Tesla by a fair margin owns the market for electric cars. So anyone who thinks
that electric cars are the future, should expect Tesla to do quite well. All
big car companies are trying to keep up with Tesla in electric car tech and
additionally, if the transition comes, are burdened with a lot of production
facilities for ICE cars.

Tesla is also much more than just cars, they have their own charging
infrastructure, battery manufacturing, might play a big role in cell
manufacturing going forward and are getting important in the energy sector,
which might overtake the car business one day.
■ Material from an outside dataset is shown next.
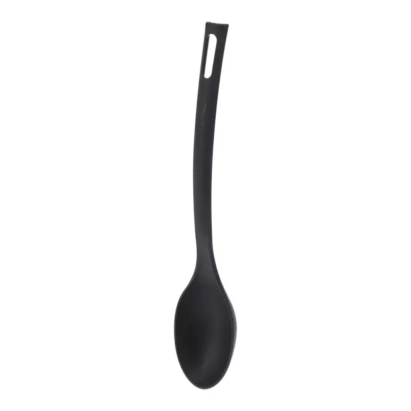 Cuchara para servir, Color Negro en Nylon, resistente al calor hasta 150 °C. Tamaño: Tamaño: 28.5 x 6 cm. Peso: 25 Grs. No raya las superficies, práctica y llena de estilo, cuenta con orificio en su mango para que lo puedas colgar tú utensilio de manera fácil.Para uso doméstico.

Also, Tesla is growing exponentially. This gives a lot of growth fantasy, that
they might get to the size of Amazon one day, which would mean a multiple of
stock value compared today.

But most importantly, and that is the reason they have such a strong support
amongst their current and potential customers: they keep innovating. A bit
like Apple of the old, if they announce a new product, prepare to see
something really new. While traditional car manufacturers keep iterating on
their products, Tesla has completely new things, just think of the Cybertruck.
Which other car annoucement got that much press coverage as the Cybertruck?
Also, the Semi could get huge.

There are also some very technical factors driving the recent raise of the
stock: there have been quite a few good, if not great news (Q4 sales numbers,
Gigafactory 3 operating within 1 year of the building start, Gigafactory 4
planned). Then there is still a huge amount of stock shorted, so while it not
might be a full short squeeze, the shorts need to cover the stocks they
shorted. Finally, Tesla might join the S&P 500, which means, that a lot of
institutions have to buy Tesla stock, which will drive it up further, at least
short-time.

------
cestith
This is near the market valuation on IBM.
[https://seekingalpha.com/article/4318281-ibm-turnaround-
is](https://seekingalpha.com/article/4318281-ibm-turnaround-is)

Watch for some adjustments when people take (legal or publicity) action over
troublesome app and website design.

[https://twitter.com/tedstein/status/1144270122959417346](https://twitter.com/tedstein/status/1144270122959417346)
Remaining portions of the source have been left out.